- Genre: Reality television
- Based on: The Real Housewives
- Presented by: Jani Kazaltzis
- Starring: Melissa van Hoydonck; Amy De Winter; Julie Boone; Annelies Schetters; Kiki Rom Colthoff; Natassia Van Kerkvoorde; Oona Noyen; Camelia Craciunescu; Jill Cnudde; Laura Carpels;
- Country of origin: Belgium
- Original languages: Flemish Dutch
- No. of seasons: 2
- No. of episodes: 16

Production
- Producer: Isabelle Dams
- Production locations: Antwerp, Flanders, Belgium
- Production company: Banijay Belgium

Original release
- Network: Play4 (Season 1 TV Telecast) Play (TV Telecast since Season 2) Streamz (Streaming Telecast)
- Release: 17 March 2025 – present

Related
- The Real Housewives of Amsterdam The Real Housewives van het Zuiden The Real Housewives of Rotterdam

= The Real Housewives of Antwerp =

The Real Housewives of Antwerp, often abbreviated as RHOANT, is a Flemish language-Belgian reality television series that premiered on Play4 and Streamz on 17 March 2025. Created as an international installment of the Real Housewives franchise, it documents the personal and professional lives of several women residing in Antwerp, Flanders.
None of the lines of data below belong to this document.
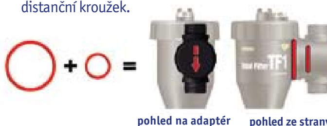
pohled na adaptér pohled ze strany

Pro montáž do svislého potrubí se směrem proudění shora dolů přidejte červený O-kroužek a červený distanční kroužek.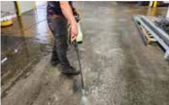
Limpiar el suelo con Pro-Grade Cleaner antes de aplicar Ecobeton® Vetrofluid.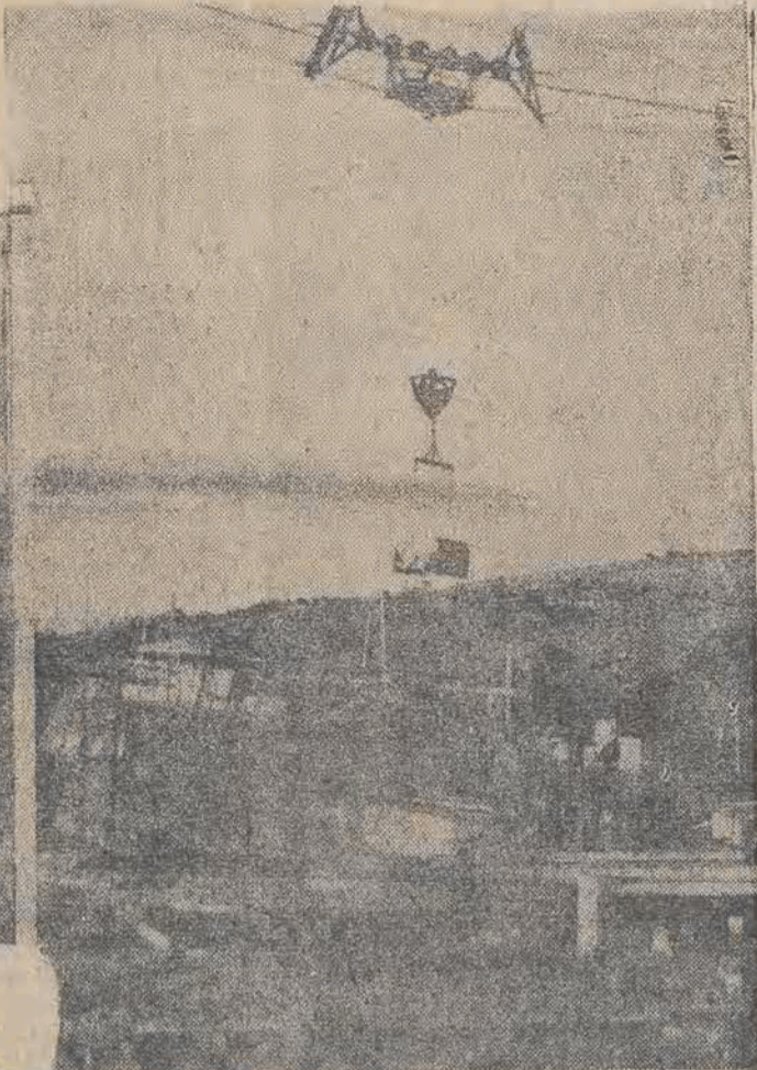
Rożnów Nr. 1 nie wystarczy dla naszych potrzeb elektryfikacyjnych i „ambicji energetycznych”: w Czechowie (województwo krakowskie) buduje się zapórę wodną drugą pod względem wielkości w Polsce. Otwarcie jej przewiduje się już na r. 1948.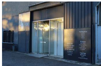
Façade du BBB centre d'art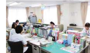
医療福祉相談室の風景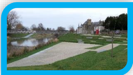
4 Le jardin public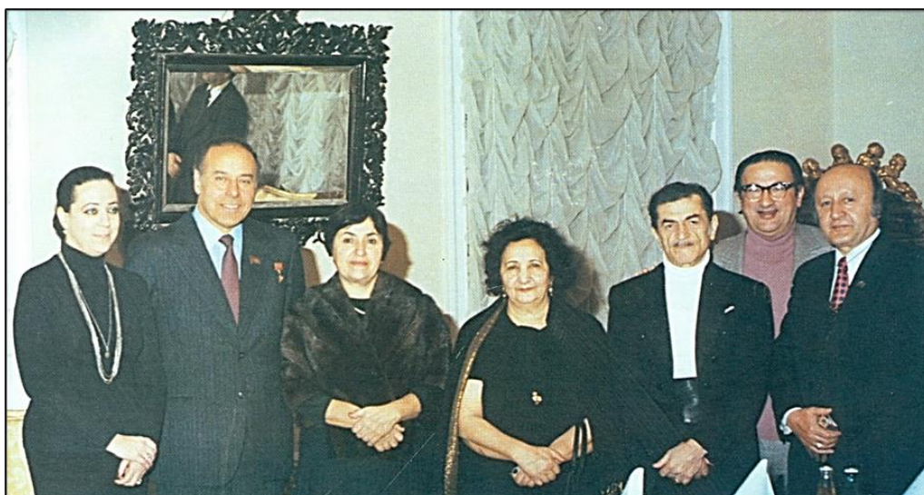
Zərifə və Heydər Əliyevlər Azərbaycan və Rusiya musiqi xadimlərini qəbul edərkən. 1981-ci il.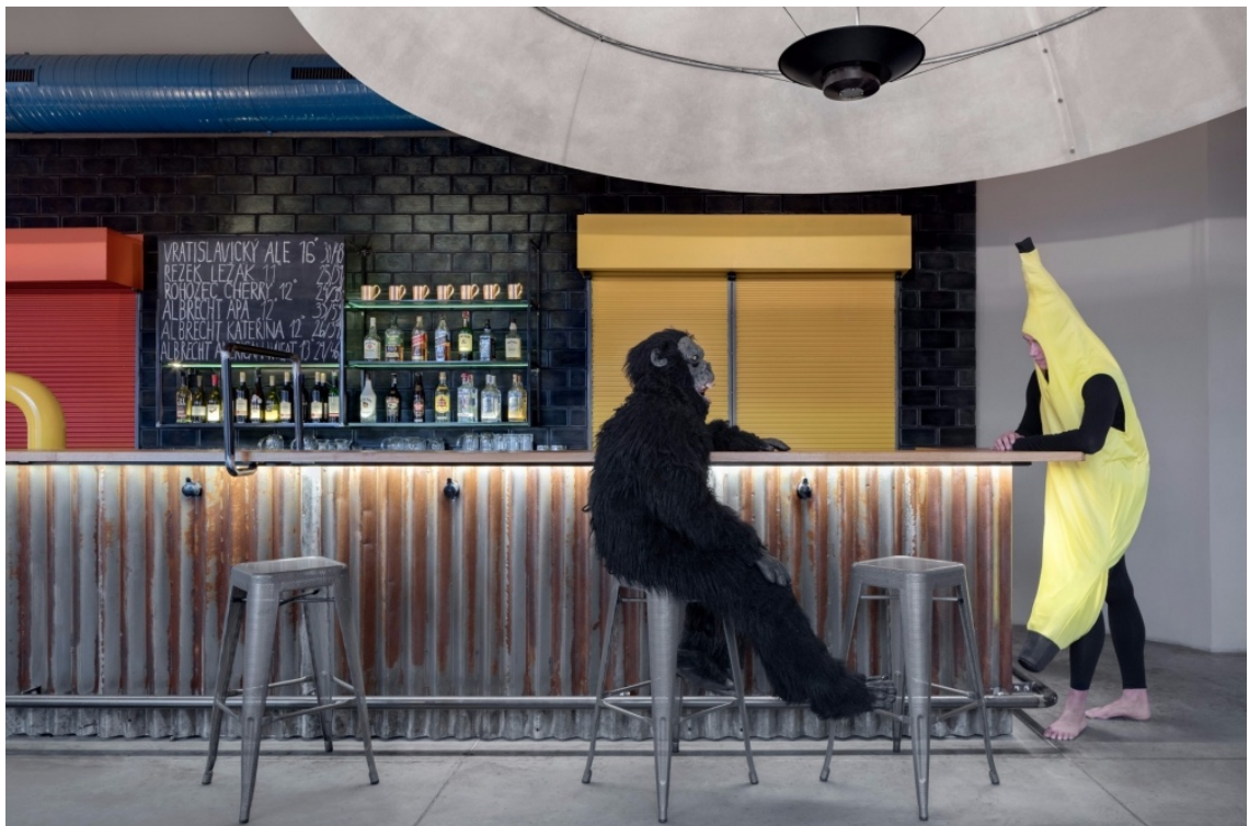
8. BoysPlayNice, Chicago Grill & Bar, Mjök architects, 2016

Každé médium kolem nás usiluje o naši pozornost, je obtížné zaujmout a vyniknout. Co by tedy měla architektonická fotografie obsahovat, aby se tak stalo? Podle kterých kritérií se vybírají fotografie, jež se otisknou či zveřejní v médiích?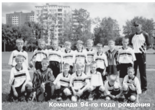
Команда 94-го года рождения

ствами и телевизорами, ходили на экскурсии, общались друг с другом. И удовольствие от времени, проведённого вместе, скрашивало горечь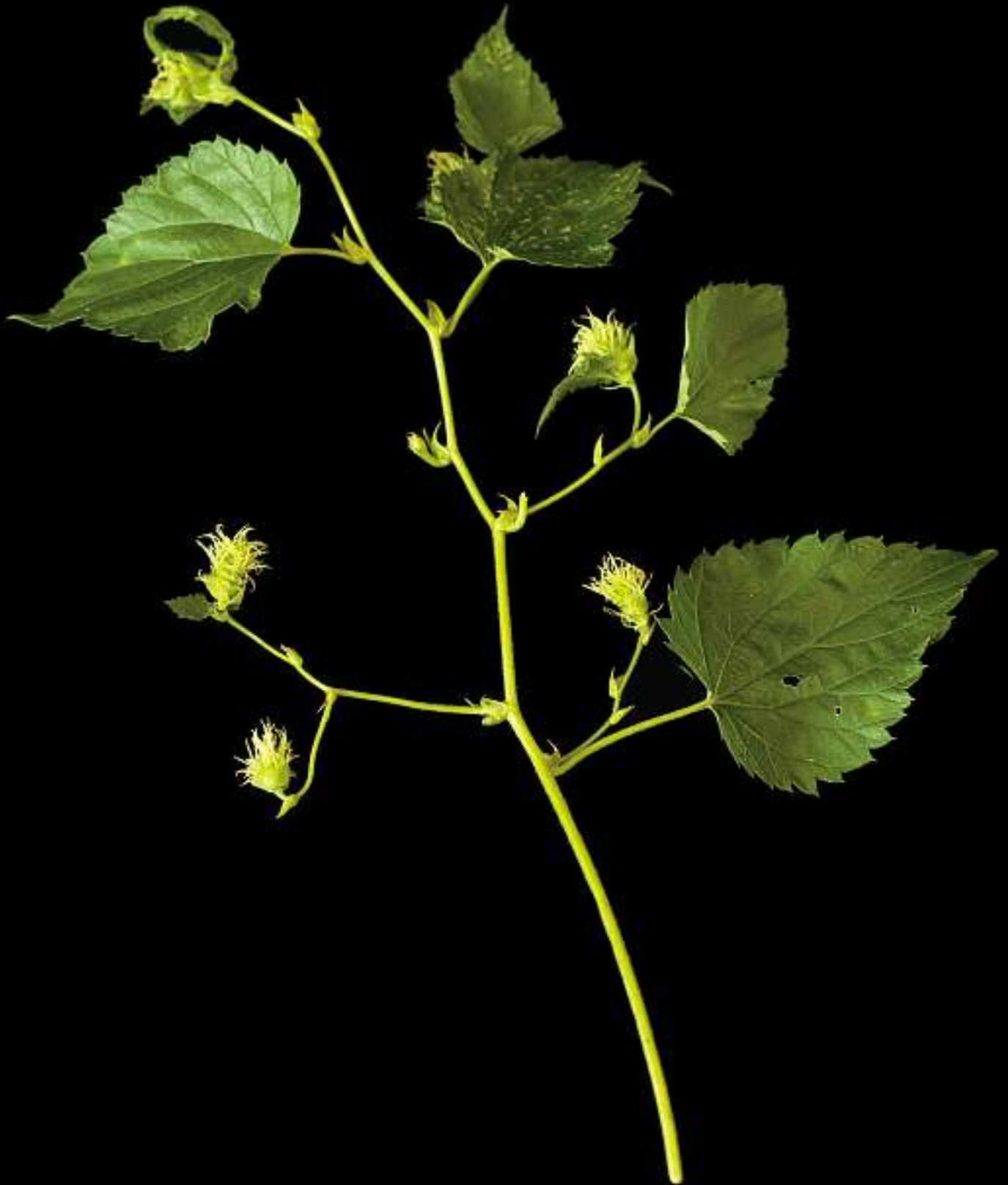
Humulus Lupulus / Hopfen Herkunft: Nördl. Eurasien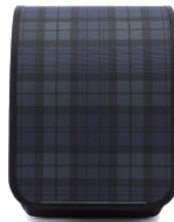
RANDSEL-TTG / タータングリーン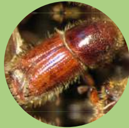
Größe 4–5,5 mm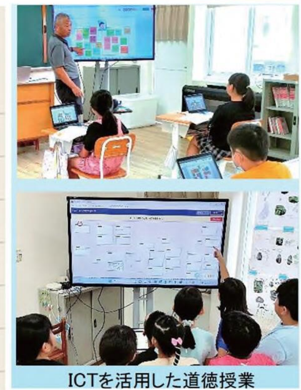
ICTを活用した道徳授業

◇本校においても、各活動における道徳教育の要として、児童生徒の道徳的判断力、道徳的心情、道徳的実践意欲と態度を養うために、「特別の教科 道徳」の授業に力を入れています。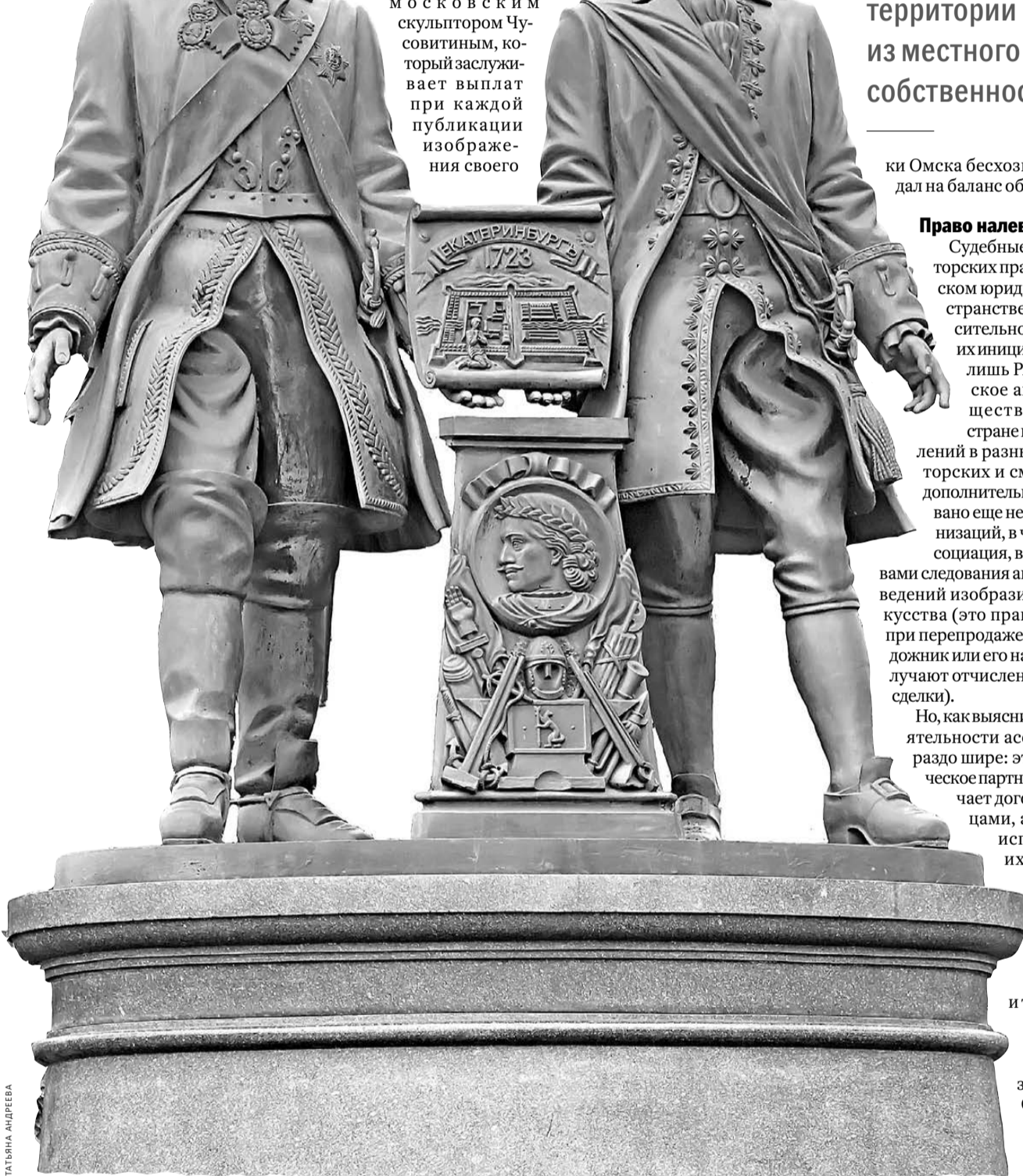
Фигуры отцов-основателей города де Геннина и Татищева похожи, как близнецы, хотя в жизни это было совсем не так.

Памятник Татищеву и де Геннину — историческим личностям, благодаря которым расцвел наш горнозаводской край, к 275-летию Екатеринбурга, в августе 1998-го, установили в самом центре города. Хотя один из отцов-основателей был высоким, а второй — коротышкой, в бронзе они похожи, как близнецы. В народе памятник, не обладающий явными художественными достоинствами, сразу же окрестили «Бибусом и Баттхедом». Площадка у его основания — излюбленное место встреч скейтбордистов и роллеров.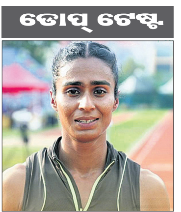
କରି ଏକ ନୂଆ ମିର୍ ରେକର୍ଡ ପ୍ରତିଷ୍ଠା କରିଥିଲେ। ପୂର୍ବରୁ ଚଳିତ ମାସ ପ୍ରାରମ୍ଭରେ

ରୁଆଦିଲ୍ଲା, ୨୭୬ (ପି.ଟି.): ଭାରତର ମିଡଲ ଟିଷ୍ଟୁରୁ ଧାବିକା ବିଜ୍ଞାନ ଚାଲିଯାଇଛି।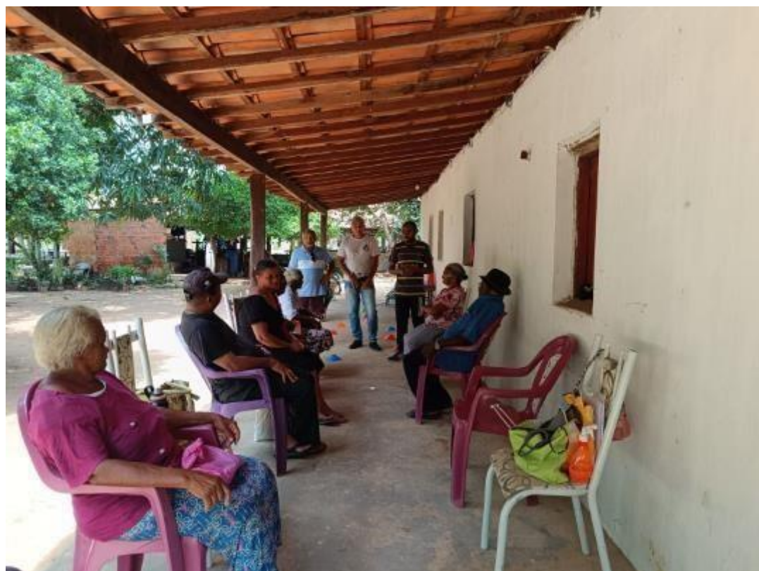
Realização de grupos de Tabagismo no Município de Cristino Castro-PI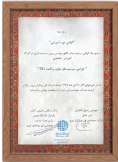
دوره آموزشی طراحی سیستم های تولید پراکنده (DG)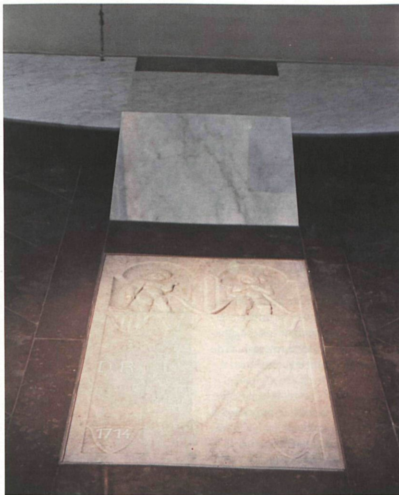
■ Aspecte de la tomba remodelada

A Sant Boi se celebra la Diada Nacional des de l'any 1976, quan totes les forces polítiques i ciutadanes catalanes van convocar a la plaça de Catalunya un acte multitudinari de caràcter reivindicatiu. Rafael Casanova, conseller en cap de Barcelona durant el setge de les tropes borbòniques, va viure a la nostra ciutat durant bona part de la seva vida.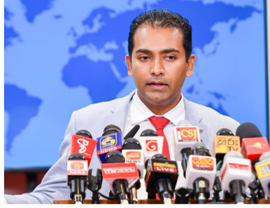
பெரமுன கட்சியின் மே தினக் கூட்டம் கொழும்பு, கெம்பல் பார்க் மைதானத்தில் நடைபெறும் என்று கூறினார். (அ)

மே தினக் கூட்டத்துக்கான ஏற்பாடுகள் பற்றியே இன்றைய கூட்டத்தில் ஆராயப்பட்டது எனவும் இராஜாங்க அமைச்சர் கூறினார். அதேவேளை, இதன்போது கருத்து வெளியிட்ட பாராளுமன்ற உறுப்பினர் மஹிந்தா னந்த அளுக்கமகே, பொதுஜன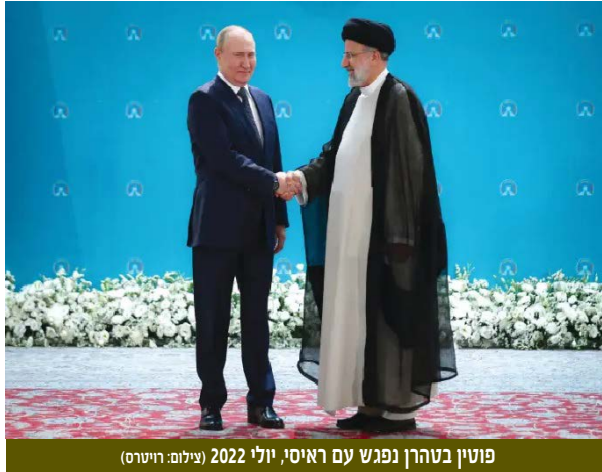
פוטין בטהרן נפגש עם ראסי, יולי 2022

מדיניות החוץ של רוסיה מבקשת להתקרב למדינות הדרום הגלובלי (שחלק ניכר מהן מוסלמיות) ולהאשים את ארה"ב ובפרט את ממשל ביידן באחריות ליצירת תנאים למשבר במזה"ת באמצעות גיבוי ישראל והנצחת נחיתות הפלסטינים. רוסיה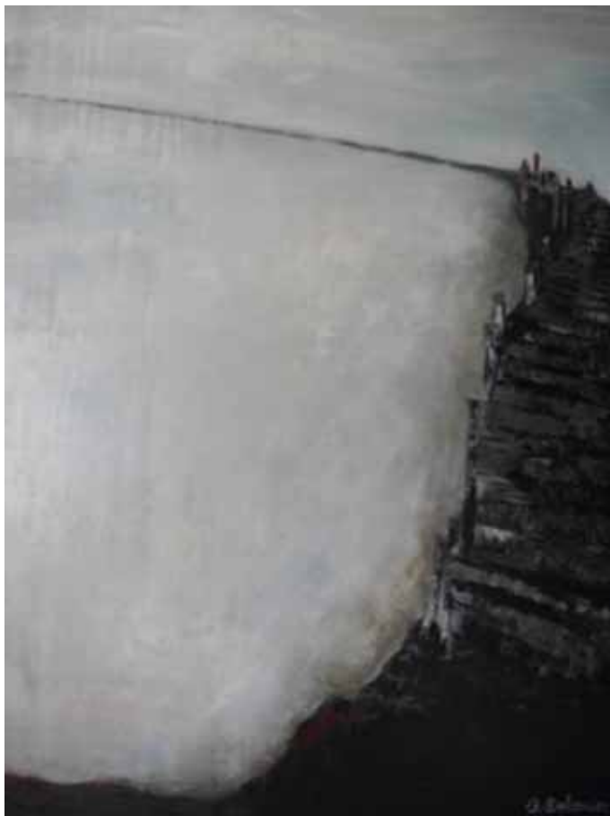
« Passage vers l'infini »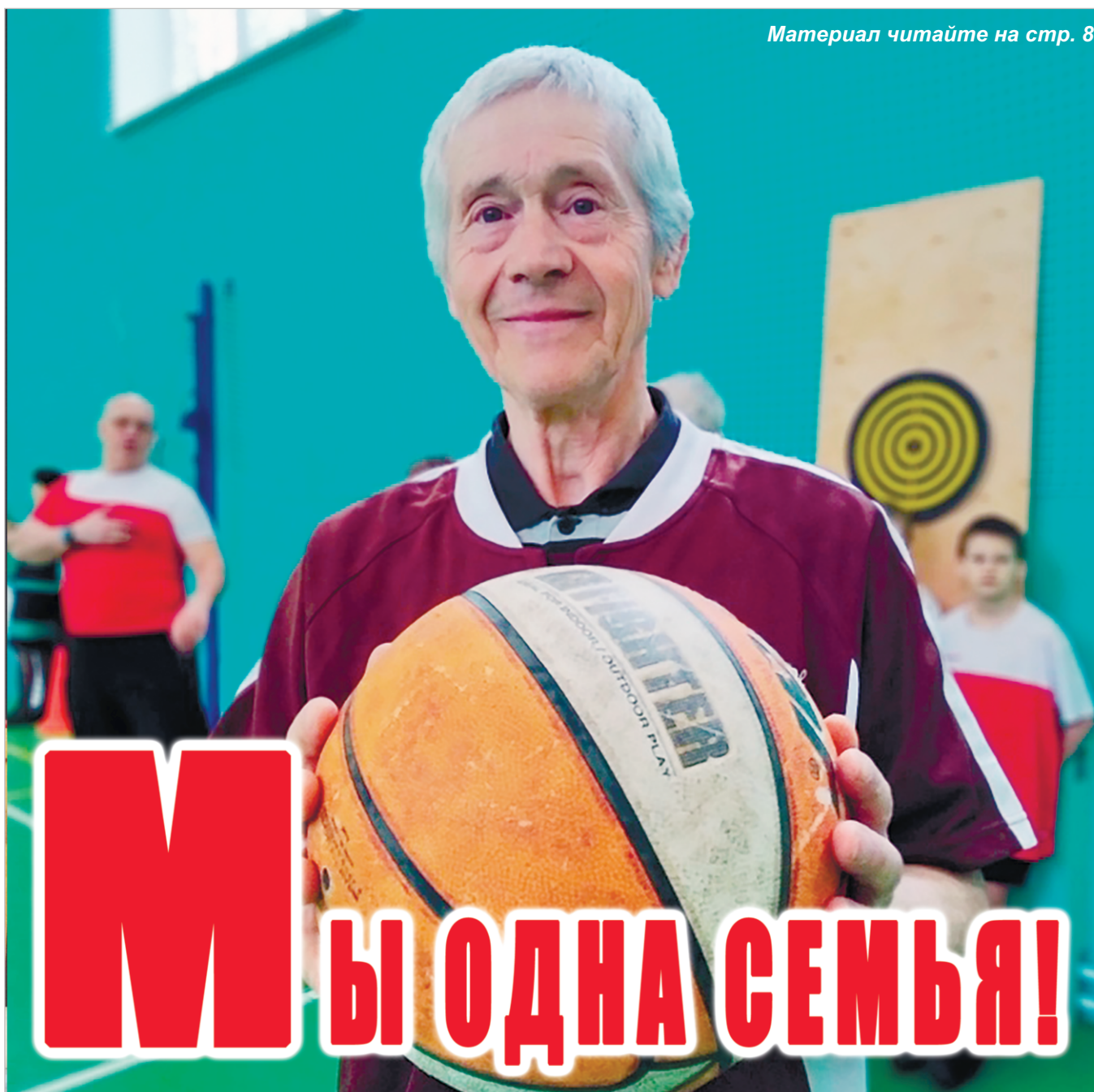
Материал читайте на стр. 8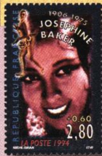
Links: 8. De Josephine Baker-imitatie was een van de eerste succesnummers van Wim Sonneveld.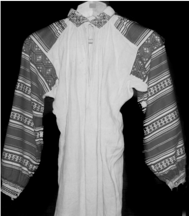
Сорочка, с. Заброди Ратнівського р-ну Волинської обл., кін. XIX – поч. XX ст. Їон, бавовна; полотняне, сатинове тканиня. ВКМ Д- 210.

вузенькі, теж парні, жовті, вохристі і чорні пасочки, які акцентують внутрішню розробку головних безузорних площин, призначених для оздоблення верхньої частини рукава. Нижче – на значній, щораз більшій відстані, укладено тоненьку і подвійні та поодинокі стрічки, які формують спадаючий ритм смуг. Для поликів виготовляли набагато вужчу основну червону стрічку, а вище неї – декілька (3-4) щораз вужчих гладкотканних пасочків на все більшій відстані. Вони створюють плавний перехід до нейтрального білого тла уставок (с. Ветли Любешівського р-ну) 29 .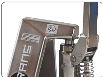
De explosionsskyddade produkterna är tilltänkta läkemedelsindustrin, färgindustrin samt olja- och gasindustrin.

Fråga efter materialspecifikationer eller besök www.logitrans.com Vi erbjuder också kundpassade lösningar.

This is the first Belgian version of The Real Housewives. This series is the 27th international installment of the American series The Real Housewives.

This series is the 14th iteration of a franchise for The Real Housewives in Europe alone.

The first season consisted of original cast members: Melissa van Hoydonck, Amy De Winter, Julie Boone, Annelies Schetters, Kiki Rom Colthoff, Natassia Van Kerkvoorde and Oona Noyen as main cast members, while Debby Gommeren served as a "Friend of the Housewives" castmember. The cast for the upcoming second season of the show consists of: van Hoydonck, De Winter, Boone, Schetters, Colthoff, Van Kervoorde as main cast members with Camelia Craciunescu joining the show as a main cast member.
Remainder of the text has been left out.